Whenever a picture appears, leave it out while repeating all the other data exactly.

**PROVIDED DATA:**
__________

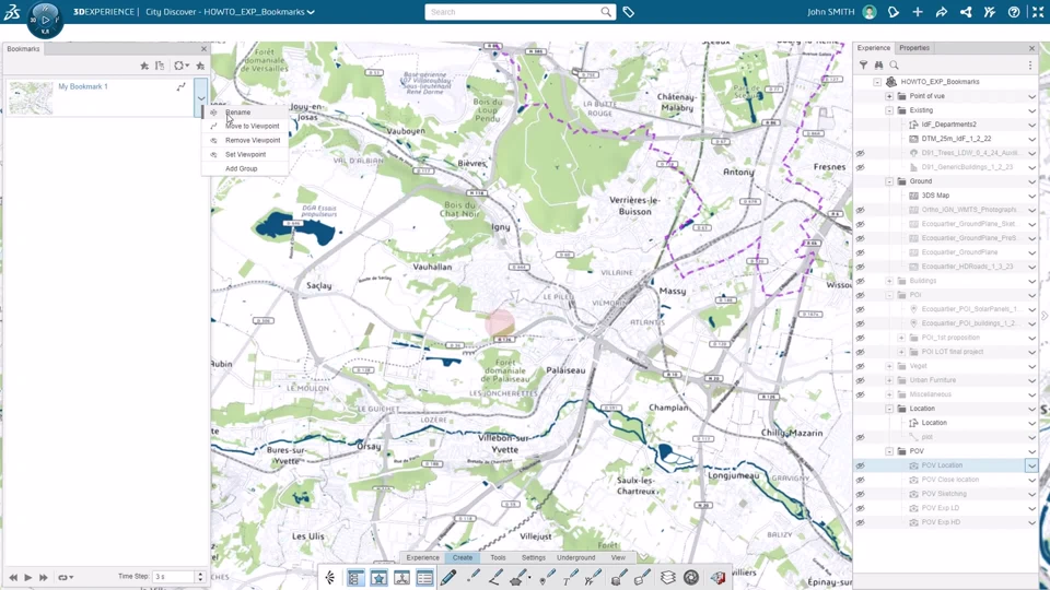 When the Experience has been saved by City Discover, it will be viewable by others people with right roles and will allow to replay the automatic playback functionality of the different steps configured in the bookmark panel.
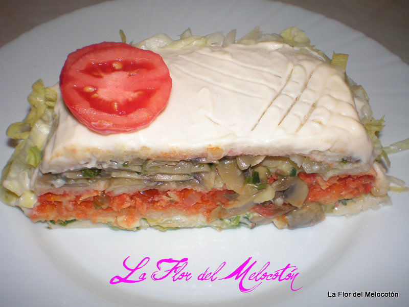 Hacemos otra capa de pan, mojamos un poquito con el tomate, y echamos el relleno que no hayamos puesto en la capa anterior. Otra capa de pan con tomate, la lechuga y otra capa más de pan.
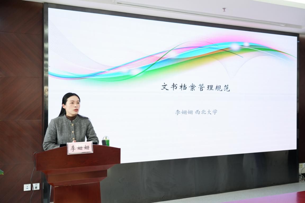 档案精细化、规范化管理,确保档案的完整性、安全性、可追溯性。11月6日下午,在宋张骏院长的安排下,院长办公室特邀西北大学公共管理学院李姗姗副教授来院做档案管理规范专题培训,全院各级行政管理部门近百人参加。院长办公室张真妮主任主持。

__________

**YOUR SOLUTION:**
 When the Experience has been saved by City Discover, it will be viewable by others people with right roles and will allow to replay the automatic playback functionality of the different steps configured in the bookmark panel.
 Hacemos otra capa de pan, mojamos un poquito con el tomate, y echamos el relleno que no hayamos puesto en la capa anterior. Otra capa de pan con tomate, la lechuga y otra capa más de pan.
 档案精细化、规范化管理,确保档案的完整性、安全性、可追溯性。11月6日下午,在宋张骏院长的安排下,院长办公室特邀西北大学公共管理学院李姗姗副教授来院做档案管理规范专题培训,全院各级行政管理部门近百人参加。院长办公室张真妮主任主持。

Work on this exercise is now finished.